Cuando la colombiana se bajó en Plaza
de Armas yo pensé “Hasta aquí llegó su cómodo viaje, ahora le tocará pegarse
unos tropezones como nos toca a todos los que no estamos locos.” Y mientras
pensaba en esto se acercó a mí con su sonrisa amable. Pensé en que nadie podría
torcer la dureza de mi juventud, mi boca estaba preparada para articular algún
insulto intelectual que lo dejara sin recursos de convencimiento, no me iba a
pescar, pensaba, no iba a lograr doblegar mi voluntad con un halago de esos que
se le dicen a cualquiera. Se me acercó y, les digo, yo tenía un libro de ideas
con las que le podía negar todo lo que pudiese decirme, se me acercó y me dijo:
“Usted tiene un cabello pintado como las chinitas y una mirada de adolescente
arrogante que me parecen he visto antes, no quisiera tener que afirmarme de una
mujer como usted nunca jamás en mi vida, señorita. Usted es de esas que pegan
el grito en el cielo si se les hace lo que no se debe, de esas que saben torcer
la voluntad de uno cuando se les intenta controlar, usted, señorita, usted me
da asco. Preferiría caerme a tener que tocar alguna parte de ese cuerpo al que
usted ha sabido dar valor propio sin necesidad de nadie más que de la voz de su
conciencia. Usted será un fracaso, señorita, un enorme fracaso y lo será en
mayúsculas.
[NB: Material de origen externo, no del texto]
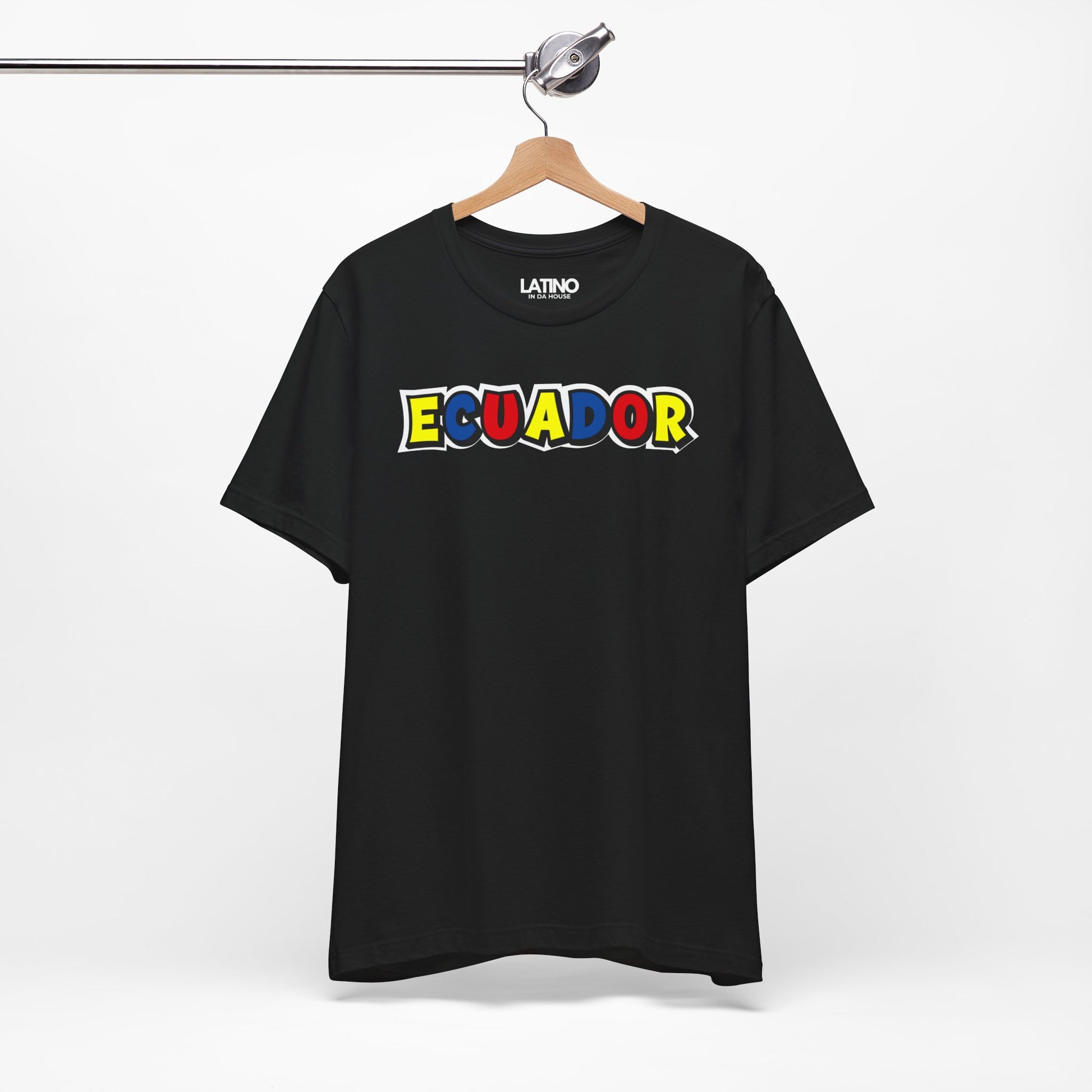 Celebrate Ecuador with this vibrant unisex T-shirt featuring bold, colorful lettering that spells out "ECUADOR." The design incorporates the national colors of yellow, blue, and red, creating a fun and striking look that showcases Ecuadorian pride. Made from 100% soft and breathable cotton, this T-shirt is perfect for casual outings, cultural events, or as a statement of national pride.

Sus hijos le darán la espalda, sus padres llorarán de frustración al
ver su futuro de caminante libre, usted, señorita, usted me da un asco
tremendo.” Al oír sus palabras me llené de una rabia incontrolable ¿Qué se
creía ese ser que estaba parado frente a mí? ¿Creía que iba a dejar pasar un discurso tan
repugnante como aquel? No, no. Ustedes saben que soy arrogante y olvidadiza,
pero no me olvidaré nunca de la cachetada que le di en el rostro a ese
insolente desconocido, fue una cachetada tan fuerte que se le giró todo el
cuerpo y se desplomó en el piso. Todos los pasajeros miraron la escena y
comenzaron a levantar sus voces, algunos relatando lo ocurrido a los que
estaban más lejos, otros insultándome sin piedad. Una señora incluso dejó su
asiento y fue a levantar al pobre hombre que estos adolescentes de mierda, no
se les seca el ombligo aún y andan dañando a los pobres trabajadores como una,
venga que usted necesita este asiento más que yo, venga mijito póngase cómodo,
si usted me recuerda a mi hijo que se murió cuando tenía su edad, le dio un
infarto y hasta ahí no más llegamos ¿Quiere más agüita?
Y
así fue como al bajarme en Quinta Normal pude ver que el loco hombre
desconocido se iba sentado en el tren repleto, con las piernas estiradas y
apoyadas sobre las piernas de un viejito calvo que le limpiaba los zapatos
mientras que algunas mujeres masajeaban sus hombros y lo alimentaban con pan
amasado hecho por sus propias y arrugadas manos. Levanté mi dedo de en medio
antes de que el tren se fuera pero lejos de ofenderse por mi gesto, me mandó un
beso y se despidió agitando la mano con esa sonrisa que pocas veces te
encuentras viviendo en la ciudad de Santiago.